* _Task brief_: Any pictures in the records below must be left out when you repeat the lines from the line containing "Great ECG weekly" through the line containing "Après avoir surmonté" exactly.

* _Exercise inputs_:
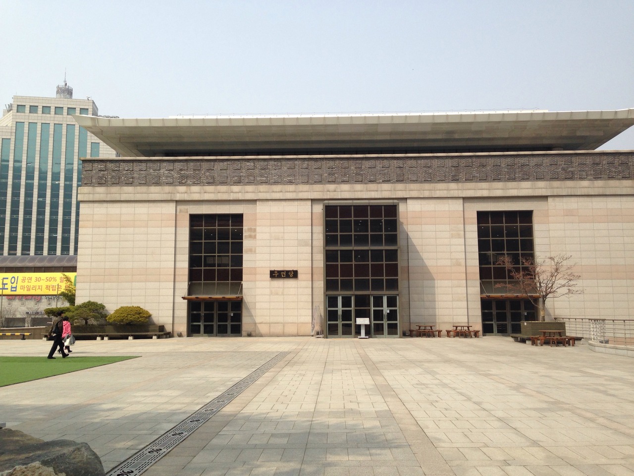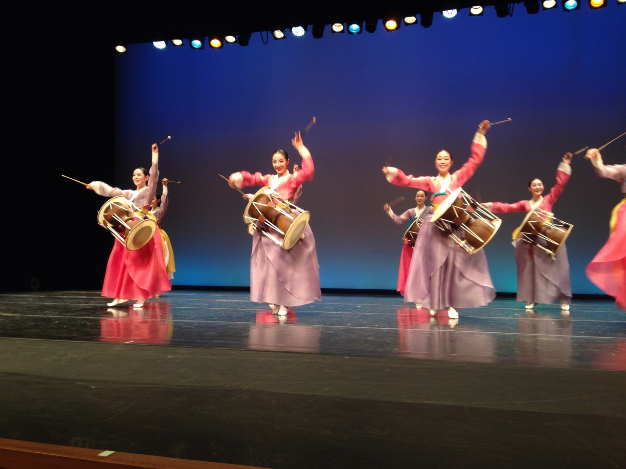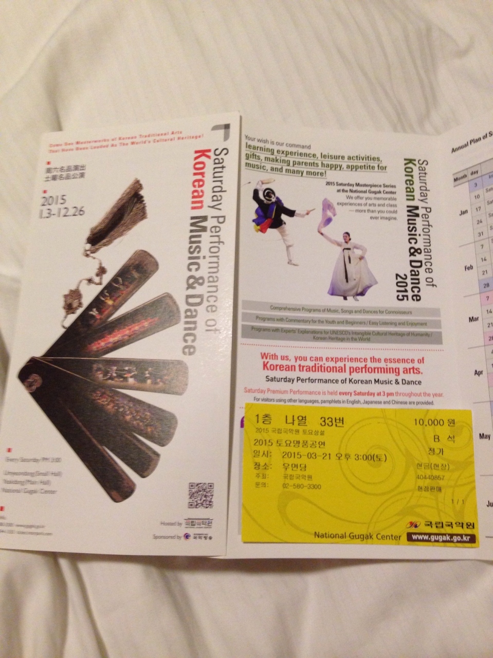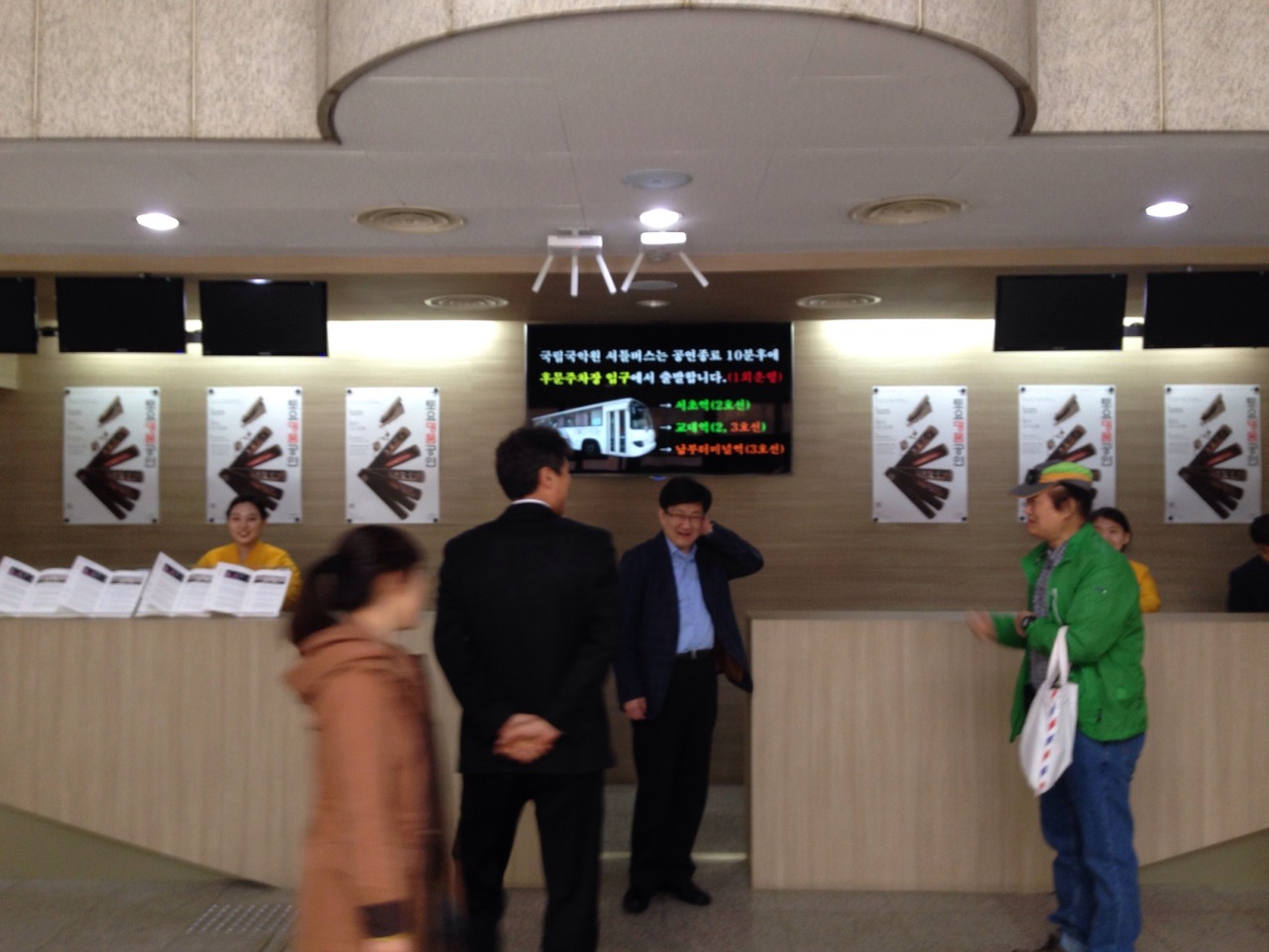 予約しておかないと席が取れそうにない…しかもハングル…ということでなかなか敷居の高かった土曜コンサートですが、今回、土曜朝にホテルのフロントに電話してもらい予約することができました。地下鉄南部ターミナル駅5番出口を出たところにマウルバス乗り場があり、22番に乗ると国楽院前に着きます。大きな劇場で看板が出ているのでわかりやすいです。7,8分くらいです。15時開演で14時にならないとチケットは買えません。あまり外人はいないようでしたので予約なしでも入れそうでした。料金はW10,000とw12,000.安い方は一番前です。小さい会場なので、一番前は臨場感たっぷりでした。周りにもっと大きな劇場、その中にカフェ。こちらの劇場では有名な方のコンサートがあります。気に入ったらこちらも楽しめますね。夕方からの開演になっていました。博物館もあります。自由に楽器を使って良いところが野外にあり子供達が割と上手に使っていました。劇場の上の方は遊歩道になっていて市民の憩いの場かも。コンサートは民族楽器の演奏や歌、踊りを1時間20分ほど楽しませてくれます。写真は撮れませんが、最後に時間を取ってくれます。アナウンスや字幕(英語)を、みのがさないやうに!あまり関心のないけど、少しは知っておきたいと思う人にオススメです。帰りはシャトルバスが駅まで連れて行ってくれます。教育大前の駅にも行くので便利です。
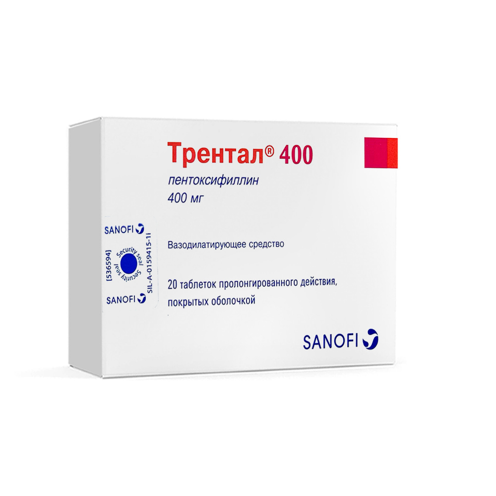 Faol modda sifatida Trental 400 tarkibida ksantin hosilasi bo‘lmish – pentoksifillinni saqlaydi. Uning ta'sir mexanizmi fosfodiesterazani ingibirlash hamda silliq mushak tomirlarining hujayralarida va qonning shaklli elementlarida sAMF ni to‘planishi bilan bog‘liqdir.
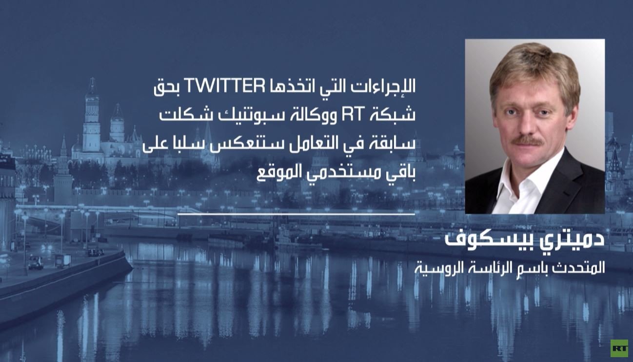 أكد المتحدث باسم الرئاسة الروسية دميتري بيسكوف أن موقع "تويتر" للتواصل الاجتماعي أصبح ضحية أحكام مسبقة تجاه وسائل الإعلام الروسية.
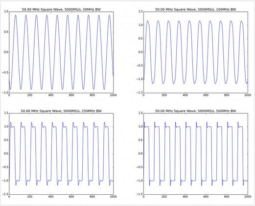 我用Python 脚本编写一个模拟滤波器,先对方波进行滤波,然后绘制出滤波结果。图2 显示了分别用一个50MHz, 100 MHz, 250 MHz,500 MHz 带宽对50 MHz方波信号滤波的结果。
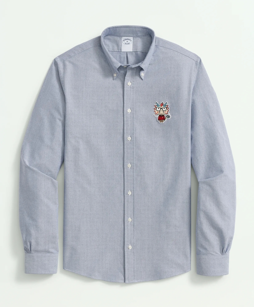 We're honoring good luck, strength and health this Year of the Dragon with our playful chest patch that adorns 100% cotton oxford cloth. Additional features include our signature button-down collar and six-pleat shirring.
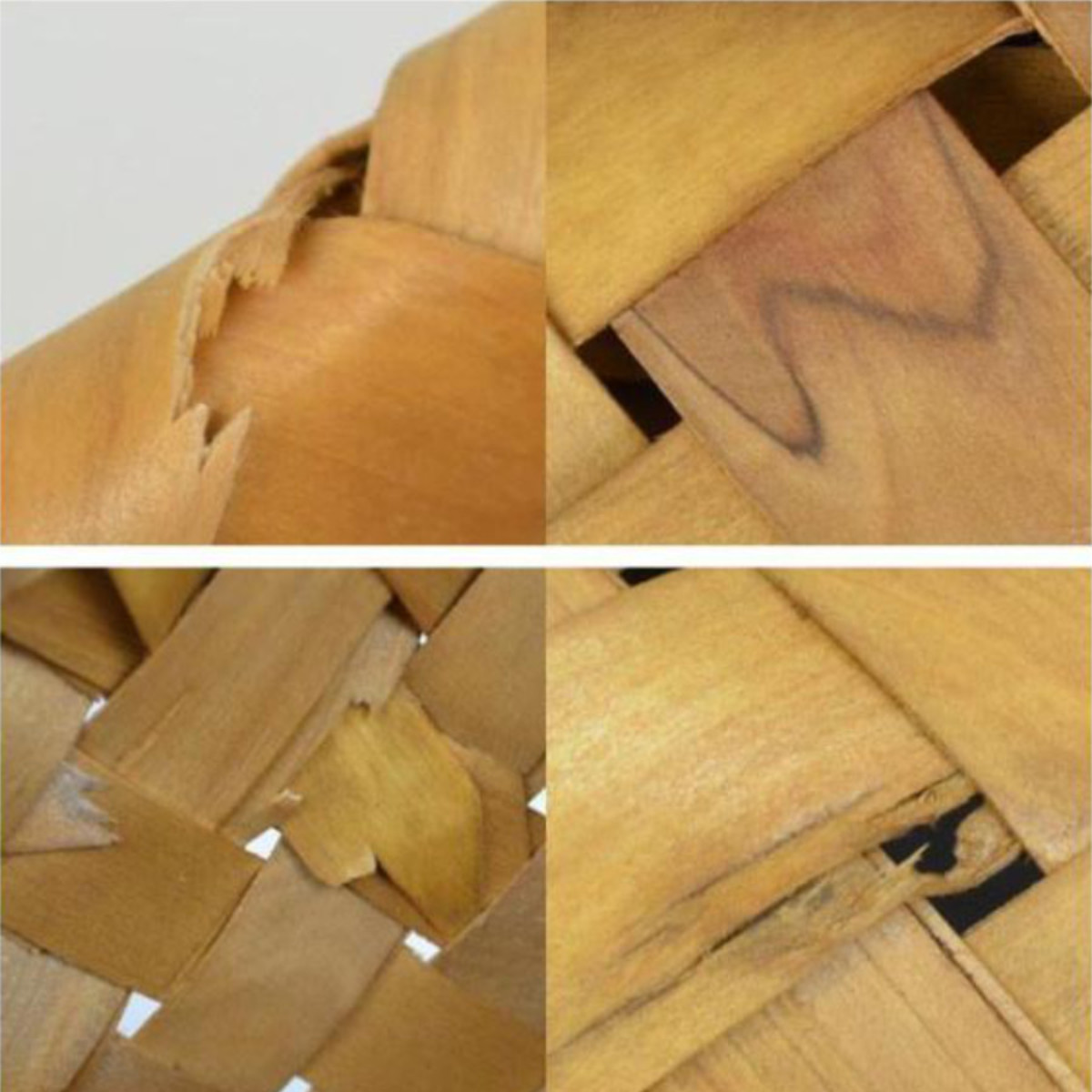 幅広のウッドチップをざっくりと編み込んで作られたバスケットです。ふっくらと仕上げた網目のデザインが特徴的で、木目や節など、天然素材ならではの表情が楽しめます。香りや色合いから木の温かみを感じ、お部屋をやわらかい雰囲気にしてくれます。
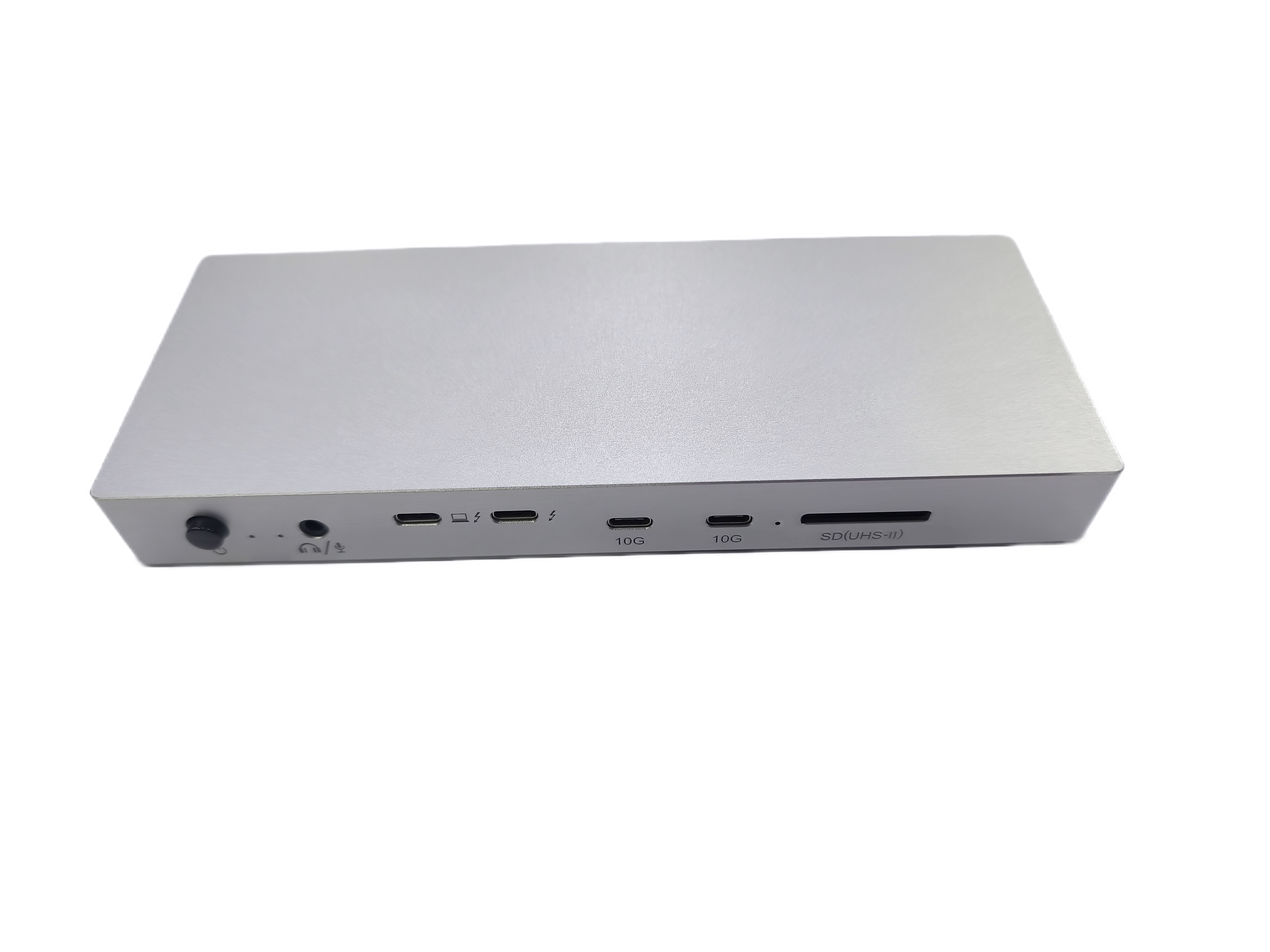 This product use Thunderbolt Barlow Ridge Module , provide different I/O port for data transmission(USB A 、USB C、SD、RJ45), and with NVMe SSD storage function, compatible with Thunderbolt 5 laptops and PC computer, supports the computer‘s picture, video, sound and other content on the TV, projector and other display devices.
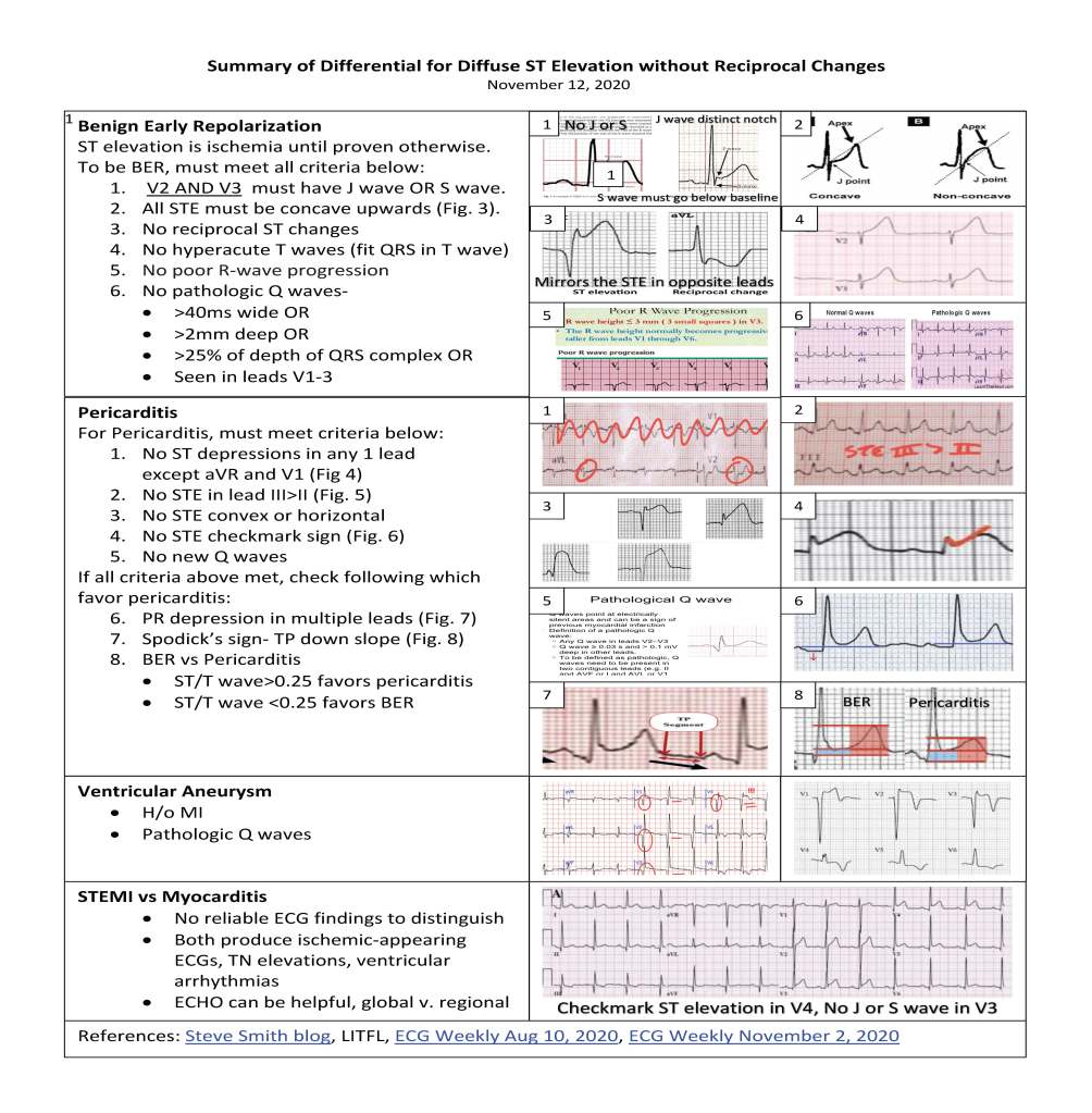 Great ECG weekly from Amal Mattu on August 10, 2020. Attached is a 1 page summary with ECG pictures, supplemented by info from Steve Smith’s blog and LITFL.
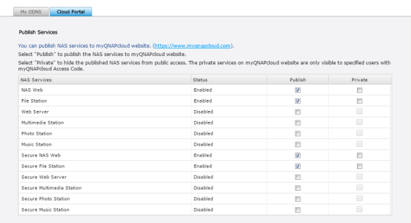 When it's done, you can go into the Cloud Portal and select which services you want published to the myQNAPcloud website. You can also hide services from public access by setting an access code and specifying the users who are allowed to view them.
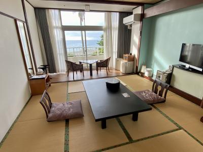 下田温泉で海に面しているのはここだけ。夕陽がみられるかもしれないと考えてコチラにしました。ただし海側の部屋は高いので山側にして、夕食時にレストランから見られれば良いかなと思っていましたが、チェックイン時に海側の部屋にグレードアップしてもらえたのでラッキーでした(リピーター狙いでしょうか)。ただし雲が多くて綺麗なサンセットは拝めませんでした。部屋はそれほど広くなく質素な作りでしたが、畳の縁がカラフルでお洒落でした。
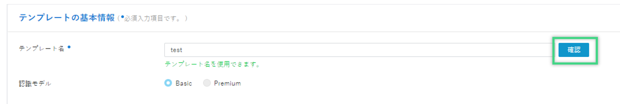 テンプレート名を設定し、契約頂いたサービスモデルを選択後、「確認」をクリックします。
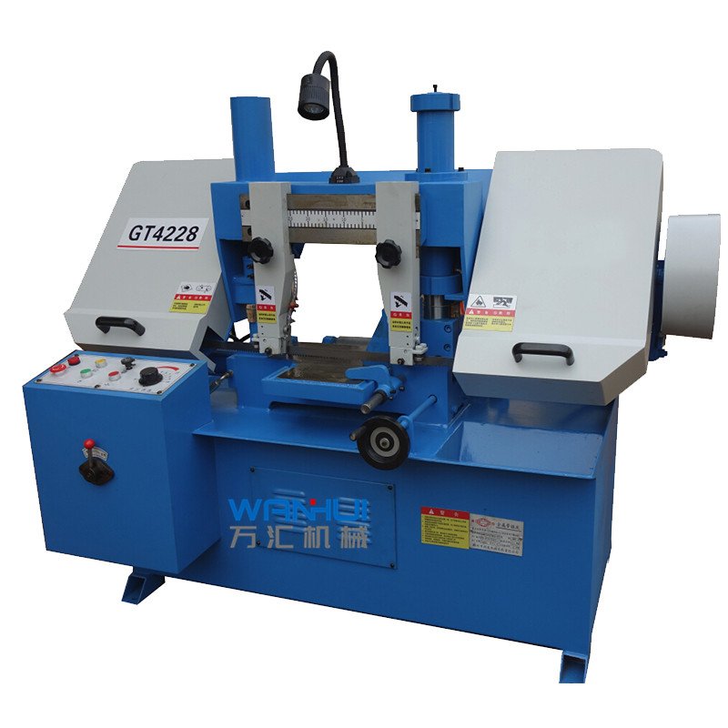 金属带锯床是一种以金属锯条作为切削工具,并用于切割金属材料的锯切设备,主要用于黑色金属的方料。圆料及各种型材的切割,亦可用于切割有色金属及非金属材料。由于带锯切口窄,切削效率高,因此能耗小,材料浪费少。是一种具有显著节能,节材效果的高效切割设备。双立柱带锯床主传动采用蜗轮箱变速,进给采用液压传动,工件夹紧采用手动和液压混合式夹紧,具有结构紧凑,操作维修方便等特点。 - 山东万汇数控机床有限公司
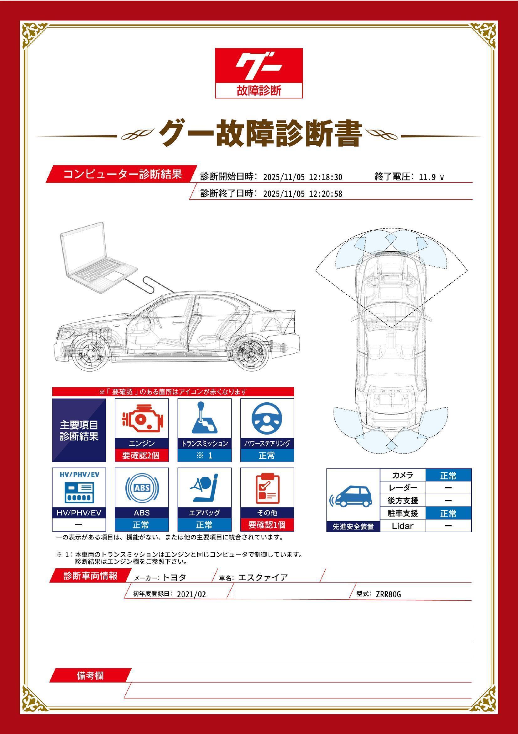 【グー故障診断】診断時にエラーがあった項目は納車整備時に確認して対応し、安全な状態でご納車いたしますのでご安心ください。 65
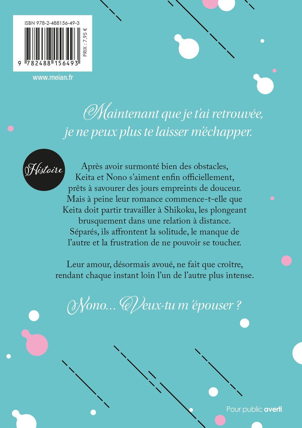 Après avoir surmonté bien des obstacles, Keita et Nono s'aiment enfin officiellement, prêts à savourer des jours empreints de douceur. Mais à peine leur romance commence-t-elle que Keita doit partir travailler à Shikoku, les plongeant brusquement dans une relation à distance. Séparés, ils affrontent la solitude, le manque de l'autre et la frustration de ne pouvoir se toucher.
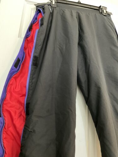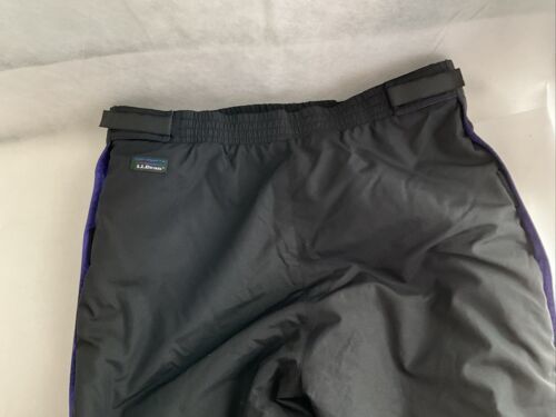 Pre-owned Kids 14-16 size large L.L. Bean unisex snow pants, elastic waist with side closures. Pant zips and over closure on the side from bottom of leg to top. Two zip front pockets. Pants are black , other pictures are differences in lighting.
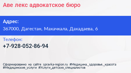 Аве лекс, адвокатское бюро по адресу 367000, Дагестан, Махачкала, Дахадаева, 6 в дальнейшем Организация, размещена в следующих категориях:
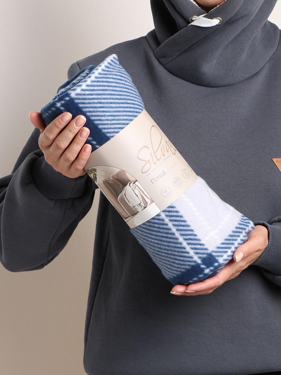 - Мягкий флисовый плед Silvano — идеальный баланс уюта и долговечности, стильная синяя клетка впишется в любой интерьер
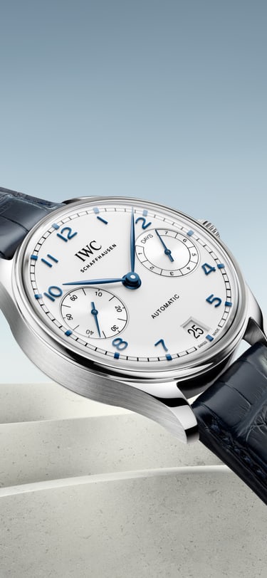 这款葡萄牙系列自动腕表42配备精钢表壳、银月白表盘、蓝色指针和时标、蓝色鳄鱼皮表带。

* _Solution for this problem_:
 Great ECG weekly from Amal Mattu on August 10, 2020. Attached is a 1 page summary with ECG pictures, supplemented by info from Steve Smith’s blog and LITFL.
 When it's done, you can go into the Cloud Portal and select which services you want published to the myQNAPcloud website. You can also hide services from public access by setting an access code and specifying the users who are allowed to view them.
 下田温泉で海に面しているのはここだけ。夕陽がみられるかもしれないと考えてコチラにしました。ただし海側の部屋は高いので山側にして、夕食時にレストランから見られれば良いかなと思っていましたが、チェックイン時に海側の部屋にグレードアップしてもらえたのでラッキーでした(リピーター狙いでしょうか)。ただし雲が多くて綺麗なサンセットは拝めませんでした。部屋はそれほど広くなく質素な作りでしたが、畳の縁がカラフルでお洒落でした。
 テンプレート名を設定し、契約頂いたサービスモデルを選択後、「確認」をクリックします。
 金属带锯床是一种以金属锯条作为切削工具,并用于切割金属材料的锯切设备,主要用于黑色金属的方料。圆料及各种型材的切割,亦可用于切割有色金属及非金属材料。由于带锯切口窄,切削效率高,因此能耗小,材料浪费少。是一种具有显著节能,节材效果的高效切割设备。双立柱带锯床主传动采用蜗轮箱变速,进给采用液压传动,工件夹紧采用手动和液压混合式夹紧,具有结构紧凑,操作维修方便等特点。 - 山东万汇数控机床有限公司
 【グー故障診断】診断時にエラーがあった項目は納車整備時に確認して対応し、安全な状態でご納車いたしますのでご安心ください。 65
 Après avoir surmonté bien des obstacles, Keita et Nono s'aiment enfin officiellement, prêts à savourer des jours empreints de douceur. Mais à peine leur romance commence-t-elle que Keita doit partir travailler à Shikoku, les plongeant brusquement dans une relation à distance. Séparés, ils affrontent la solitude, le manque de l'autre et la frustration de ne pouvoir se toucher.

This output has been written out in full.